• [WHAT TO DO]: Your copy of the entries below should hold exactly the lines from the one containing "When BURMY evolved, it" to the one containing "The $2.50 Indian", inclusive, and no pictures.

=== TASK MATERIAL ===

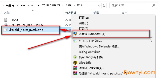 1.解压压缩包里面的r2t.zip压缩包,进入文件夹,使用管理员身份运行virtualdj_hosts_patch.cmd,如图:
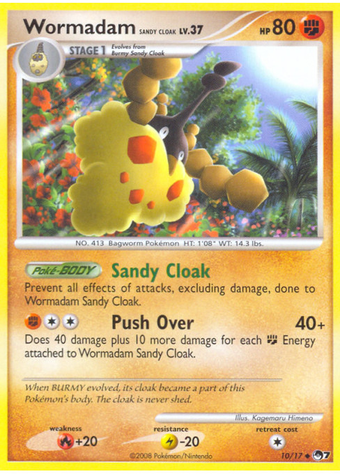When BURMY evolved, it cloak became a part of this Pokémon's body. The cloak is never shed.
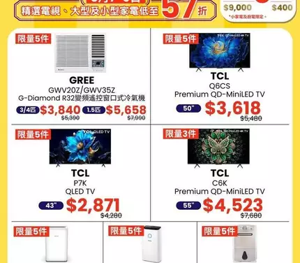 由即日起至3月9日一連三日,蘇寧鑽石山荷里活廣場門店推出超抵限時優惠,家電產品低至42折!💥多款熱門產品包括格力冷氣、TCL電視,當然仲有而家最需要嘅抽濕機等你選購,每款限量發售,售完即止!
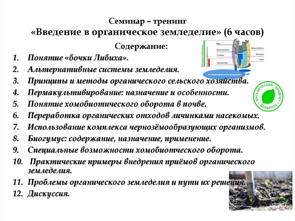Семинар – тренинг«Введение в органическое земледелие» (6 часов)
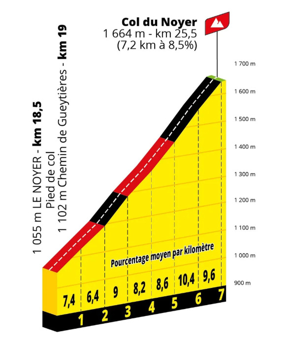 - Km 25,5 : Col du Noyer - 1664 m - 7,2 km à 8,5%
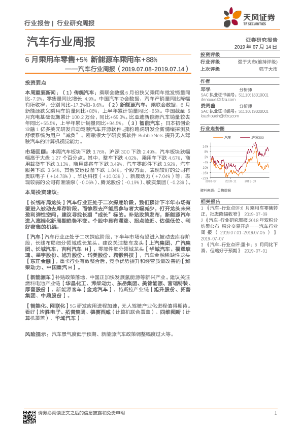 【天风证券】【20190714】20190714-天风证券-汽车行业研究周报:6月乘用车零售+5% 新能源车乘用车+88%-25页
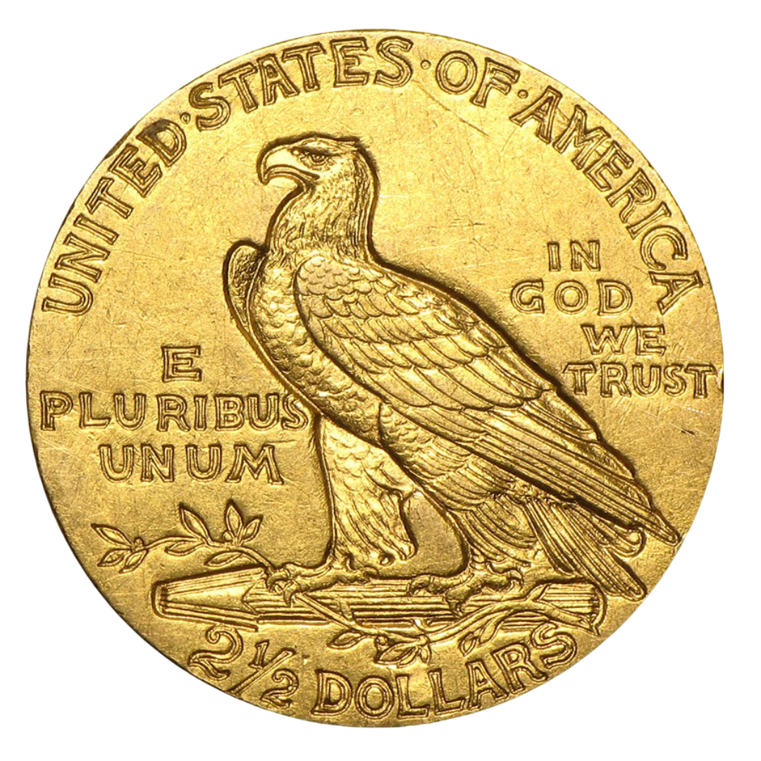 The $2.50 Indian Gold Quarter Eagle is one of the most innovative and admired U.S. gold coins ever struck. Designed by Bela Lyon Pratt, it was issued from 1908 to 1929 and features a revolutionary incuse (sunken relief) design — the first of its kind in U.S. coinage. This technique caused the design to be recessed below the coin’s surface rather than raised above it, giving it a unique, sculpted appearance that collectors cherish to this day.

===
=== TASK MATERIAL ===

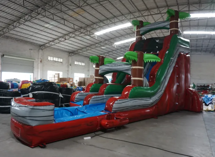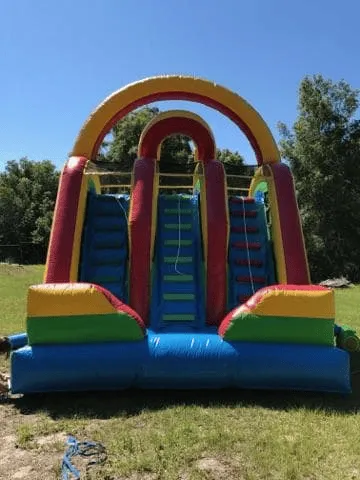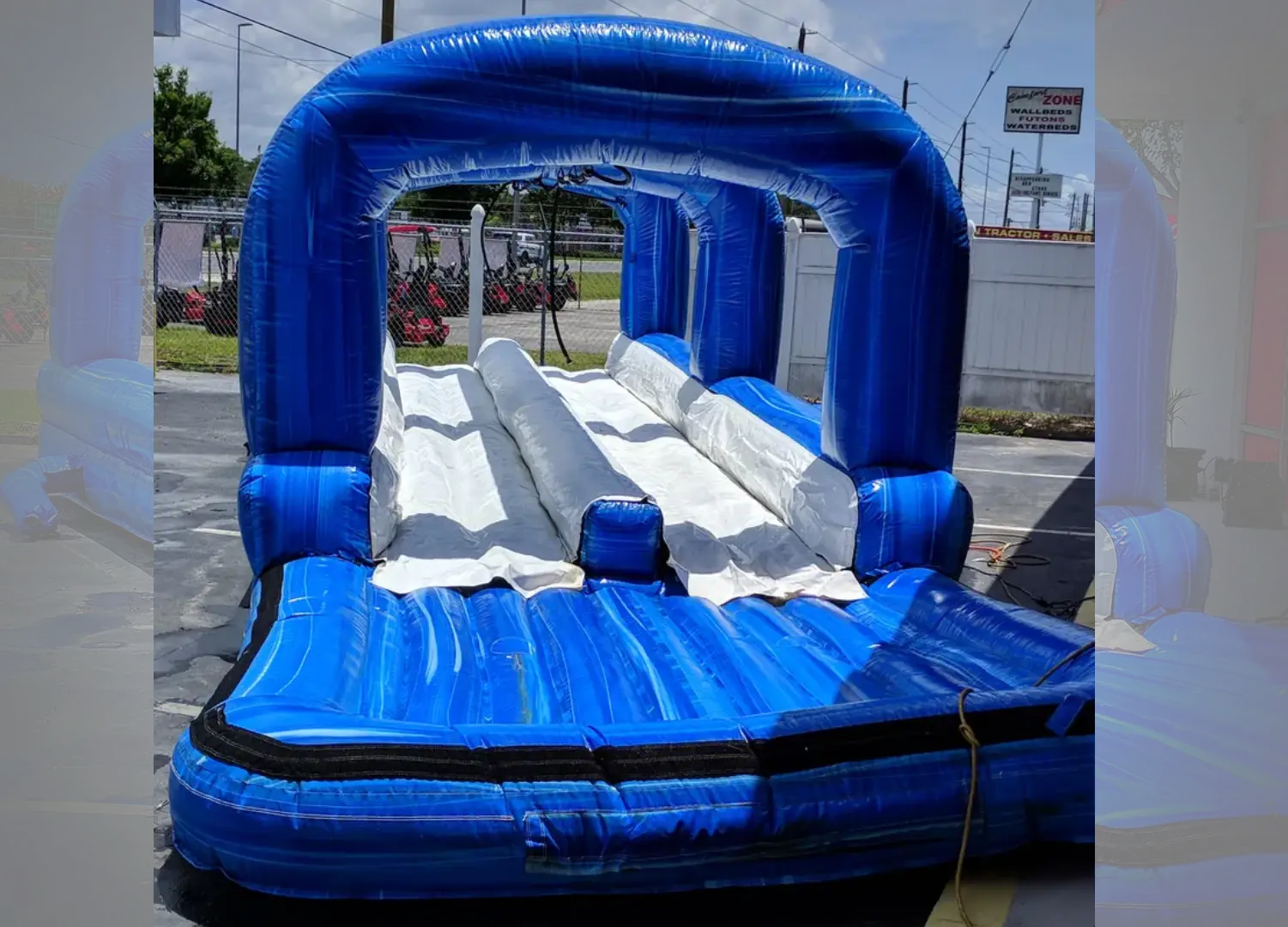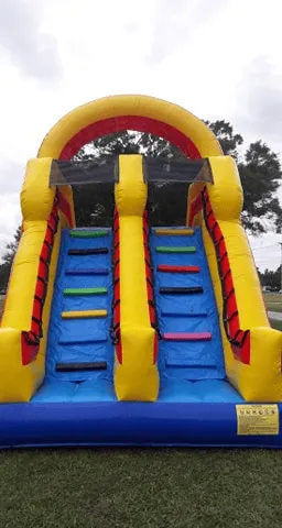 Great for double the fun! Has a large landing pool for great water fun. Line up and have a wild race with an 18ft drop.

===

• [TASK SOLUTION]:
When BURMY evolved, it cloak became a part of this Pokémon's body. The cloak is never shed.
 由即日起至3月9日一連三日,蘇寧鑽石山荷里活廣場門店推出超抵限時優惠,家電產品低至42折!💥多款熱門產品包括格力冷氣、TCL電視,當然仲有而家最需要嘅抽濕機等你選購,每款限量發售,售完即止!
Семинар – тренинг«Введение в органическое земледелие» (6 часов)
 - Km 25,5 : Col du Noyer - 1664 m - 7,2 km à 8,5%
 【天风证券】【20190714】20190714-天风证券-汽车行业研究周报:6月乘用车零售+5% 新能源车乘用车+88%-25页
 The $2.50 Indian Gold Quarter Eagle is one of the most innovative and admired U.S. gold coins ever struck. Designed by Bela Lyon Pratt, it was issued from 1908 to 1929 and features a revolutionary incuse (sunken relief) design — the first of its kind in U.S. coinage. This technique caused the design to be recessed below the coin’s surface rather than raised above it, giving it a unique, sculpted appearance that collectors cherish to this day.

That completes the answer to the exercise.